EXERCISE REQUIREMENTS: When you set down the entries, keep every word exactly as it is but drop the pictures.

SUPPLIED DATA:
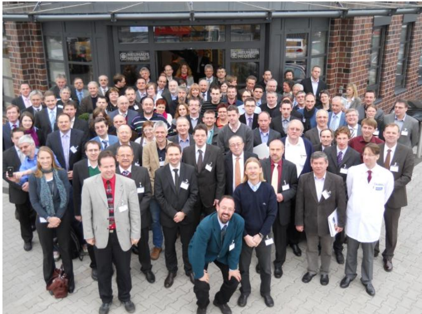
Rund 140 internationale Gäste nahmen am Fachsymposium am 17. und 18.02. zur Eröffnung unseres neuen Technikums in Ganderkesee teil.

Am 17. und 18. Februar 2011 war es soweit: Das neue Technikum am Unternehmensstandort in Ganderkesee wurde im Rahmen eines internationalen Fachsymposiums zur Wirbelschichttechnik feierlich eröffnet. 140 internationale Gäste und die Mitarbeiter von Neuhaus Neotec erlebten zwei informative Tage rund um das Schwerpunktthema „Wirbelschicht-Technologie“. Denn dieser Technologiezweig bildet das Herzstück des Neubaus, in dem neben Büros und Konferenzräumen vor
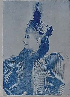
آلمانیا ایترویجه و پروسیا زالی حشمتلو اراغوستا و شوریا حضرتلی S. M. Augusta-Victoria, impératrice d'Allemagne
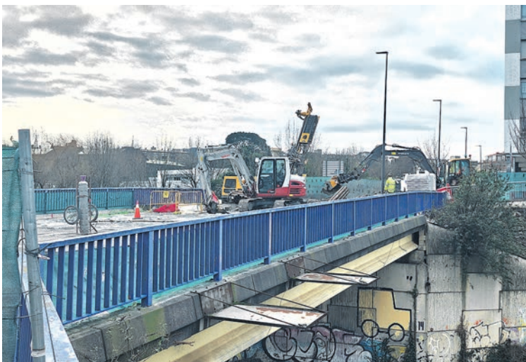
El Puente de Matxitxako será demolido.

El proyecto, financiado al cincuenta por ciento por el departamento de Movilidad
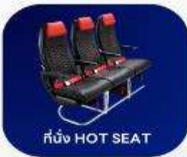
ที่นั่ง HOT SEAT
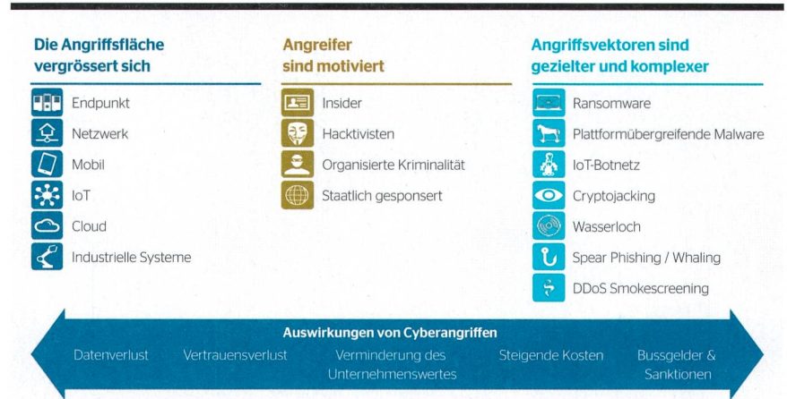
Bild 1 Die Bedrohungslandschaft entwickelt sich kontinuierlich.

Prescriptive Security erweitert die Grenzen eines dreidimensionalen Paradigmas – mit grösserer Erken-
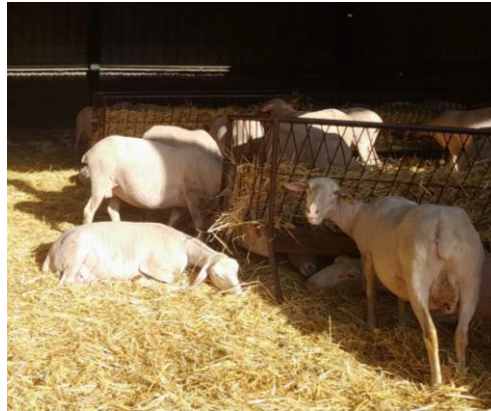
Figura 1 - Ovelhas da raça Lacaune escolhidas para o estudo
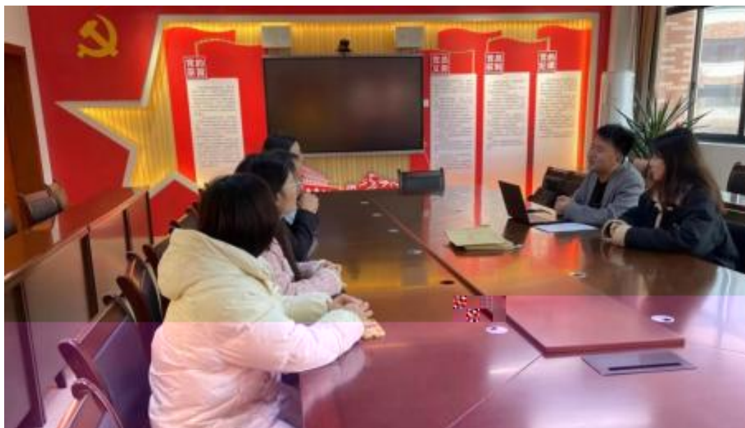
图 校企开展学术研讨项目交流会议

公 高度 队 的 ，充分 到 和 的关 ，对 高 和 关 的 。此公 供 ，包 更 、 方法 及 导 发 程，并 持 丰富 的 家 过 、 会 和 际案 ， 队 分 的 和 。 常 地 活动， 包 参加 会 、 等 ， 促 的 的 分 ， ， 并 的 队 ( 1)。
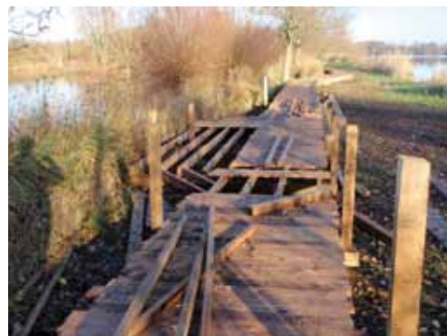
Travaux de rénovation du platelage par un chantier d'insertion - Crédit : Eden 62

La nouvelle population qui fréquente aujourd'hui le Romelaëre verrait d'un mauvais œil un retour en arrière mais prenons garde à ne pas aller vers une fuite en avant, et oublier ce qu'était le Romelaëre avant 1999. J'ai aujourd'hui l'impression de voir du Romelaëre un peu partout ; les platelages poussent comme des champignons dans de nombreux sites naturels, ce qui tend à une banalisation des cheminements en sites naturels. Les animateurs nature sont peut-être en mesure d'apporter une réponse dans la minimisation des aménagements. Ils sont capables d'emmener des personnes différentes sur des sentiers plus difficilement accessibles. Même si les personnes en situation de handicap physique sont certainement celles qui ont le plus besoin de sentiers adaptés, on peut leur imaginer une nouvelle approche. En réduisant les coûts des équipements, on pourrait transférer une partie de l'investissement vers des outils adaptés comme la Joëlette*, l'hippomobile*, la randoline*....que l'animateur nature pourrait utiliser. L'effort vaut le coût car l'accès à la nature par l'éducation doit se faire pour tous. Mais il ne faut pas oublier que l'accessibilité, ce n'est pas tout ou rien, et que bien connaître la population utilisant le site est la clé d'un aménagement raisonné.
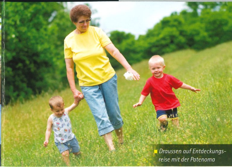
■ Draussen auf Entdeckungsreise mit der Patenoma
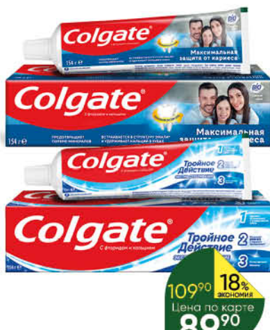
Зубная паста COLGATE в ассортименте, 100 мл
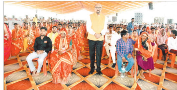
सामूहिक विवाह में उपस्थित महामहिम राज्यपाल।

राज्यपाल रमन डेका कटघोरा क्षेत्र अंतर्गत ग्राम ढपढप-बांकीमोंगरा में आयोजित दिव्य श्री हनुमंत कथा एवं 108 दिव्यांग एवं निर्धन कन्याओं के
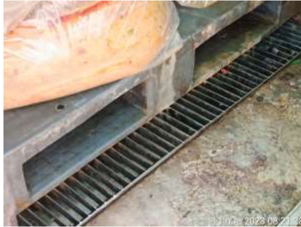
รูปที่ 2.32 ท่อระบายน้ำเสียในห้องพักขยะ
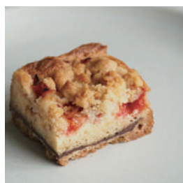
anbutter 果物のトレイバイク
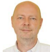
Petr Zahradníček náměstek hejtmana Karlovarského kraje, TOP 09 + STAN

Přestože nejsem vášnivý cyklista, musím právě je upozornit na velký problém, který doslova visí ve vzduchu... Jedná se totiž o lávku na Svatošských skalách, tedy jedno z nejnávštěvnějších míst páteřní cyklostezky podél řeky Ohře.
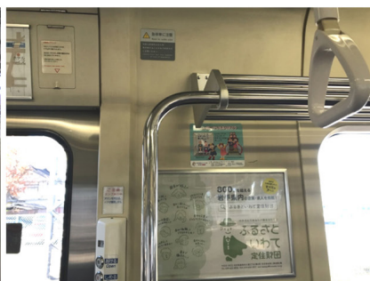
東日本旅客鉄道 盛岡～一関
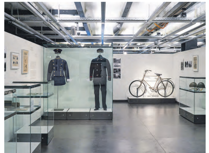
Ein erster Blick in die Ausstellung.
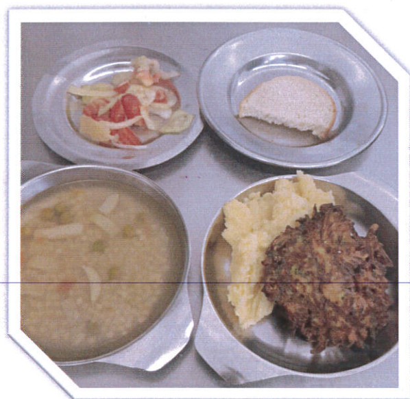
Ručak: Ajngemaht juha, pohane tikvice, pire krumpir s dodatkom celera, miješana salata, kruh sa sjemenkama
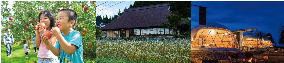
築250年の歴史ある古民家（一棟貸し） 国営備北丘陵公園内にあるグランピング
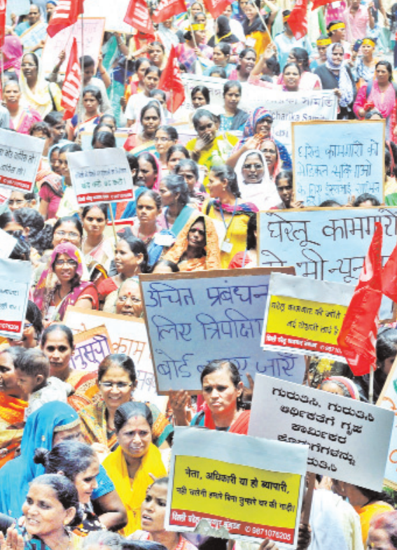
संसद मार्ग पर बृहस्पतिवार को अपनी मांगों को लेकर प्रदर्शन करते दिल्ली घरेलू कामगार संगठन के कार्यकर्ता।
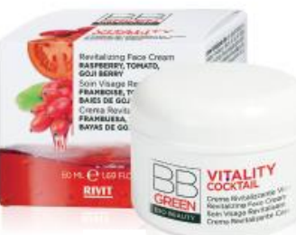
CREMA RIVITALIZZANTE VISO

COD. 09331 – 50 ML COD. 09939 – 3 ML 90% NATURAL INGREDIENTS

ANSWER BELOW:
Rund 140 internationale Gäste nahmen am Fachsymposium am 17. und 18.02. zur Eröffnung unseres neuen Technikums in Ganderkesee teil.

Am 17. und 18. Februar 2011 war es soweit: Das neue Technikum am Unternehmensstandort in Ganderkesee wurde im Rahmen eines internationalen Fachsymposiums zur Wirbelschichttechnik feierlich eröffnet. 140 internationale Gäste und die Mitarbeiter von Neuhaus Neotec erlebten zwei informative Tage rund um das Schwerpunktthema „Wirbelschicht-Technologie“. Denn dieser Technologiezweig bildet das Herzstück des Neubaus, in dem neben Büros und Konferenzräumen vor
آلمانیا ایترویجه و پروسیا زالی حشمتلو اراغوستا و شوریا حضرتلی S. M. Augusta-Victoria, impératrice d'Allemagne
El Puente de Matxitxako será demolido.

El proyecto, financiado al cincuenta por ciento por el departamento de Movilidad
ที่นั่ง HOT SEAT
Bild 1 Die Bedrohungslandschaft entwickelt sich kontinuierlich.

Prescriptive Security erweitert die Grenzen eines dreidimensionalen Paradigmas – mit grösserer Erken-
Figura 1 - Ovelhas da raça Lacaune escolhidas para o estudo
图 校企开展学术研讨项目交流会议

公 高度 队 的 ，充分 到 和 的关 ，对 高 和 关 的 。此公 供 ，包 更 、 方法 及 导 发 程，并 持 丰富 的 家 过 、 会 和 际案 ， 队 分 的 和 。 常 地 活动， 包 参加 会 、 等 ， 促 的 的 分 ， ， 并 的 队 ( 1)。
Travaux de rénovation du platelage par un chantier d'insertion - Crédit : Eden 62

La nouvelle population qui fréquente aujourd'hui le Romelaëre verrait d'un mauvais œil un retour en arrière mais prenons garde à ne pas aller vers une fuite en avant, et oublier ce qu'était le Romelaëre avant 1999. J'ai aujourd'hui l'impression de voir du Romelaëre un peu partout ; les platelages poussent comme des champignons dans de nombreux sites naturels, ce qui tend à une banalisation des cheminements en sites naturels. Les animateurs nature sont peut-être en mesure d'apporter une réponse dans la minimisation des aménagements. Ils sont capables d'emmener des personnes différentes sur des sentiers plus difficilement accessibles. Même si les personnes en situation de handicap physique sont certainement celles qui ont le plus besoin de sentiers adaptés, on peut leur imaginer une nouvelle approche. En réduisant les coûts des équipements, on pourrait transférer une partie de l'investissement vers des outils adaptés comme la Joëlette*, l'hippomobile*, la randoline*....que l'animateur nature pourrait utiliser. L'effort vaut le coût car l'accès à la nature par l'éducation doit se faire pour tous. Mais il ne faut pas oublier que l'accessibilité, ce n'est pas tout ou rien, et que bien connaître la population utilisant le site est la clé d'un aménagement raisonné.
■ Draussen auf Entdeckungsreise mit der Patenoma
Зубная паста COLGATE в ассортименте, 100 мл
सामूहिक विवाह में उपस्थित महामहिम राज्यपाल।

राज्यपाल रमन डेका कटघोरा क्षेत्र अंतर्गत ग्राम ढपढप-बांकीमोंगरा में आयोजित दिव्य श्री हनुमंत कथा एवं 108 दिव्यांग एवं निर्धन कन्याओं के
รูปที่ 2.32 ท่อระบายน้ำเสียในห้องพักขยะ
anbutter 果物のトレイバイク
Petr Zahradníček náměstek hejtmana Karlovarského kraje, TOP 09 + STAN

Přestože nejsem vášnivý cyklista, musím právě je upozornit na velký problém, který doslova visí ve vzduchu... Jedná se totiž o lávku na Svatošských skalách, tedy jedno z nejnávštěvnějších míst páteřní cyklostezky podél řeky Ohře.
東日本旅客鉄道 盛岡～一関
Ein erster Blick in die Ausstellung.
Ručak: Ajngemaht juha, pohane tikvice, pire krumpir s dodatkom celera, miješana salata, kruh sa sjemenkama
築250年の歴史ある古民家（一棟貸し） 国営備北丘陵公園内にあるグランピング
संसद मार्ग पर बृहस्पतिवार को अपनी मांगों को लेकर प्रदर्शन करते दिल्ली घरेलू कामगार संगठन के कार्यकर्ता।
CREMA RIVITALIZZANTE VISO

COD. 09331 – 50 ML COD. 09939 – 3 ML 90% NATURAL INGREDIENTS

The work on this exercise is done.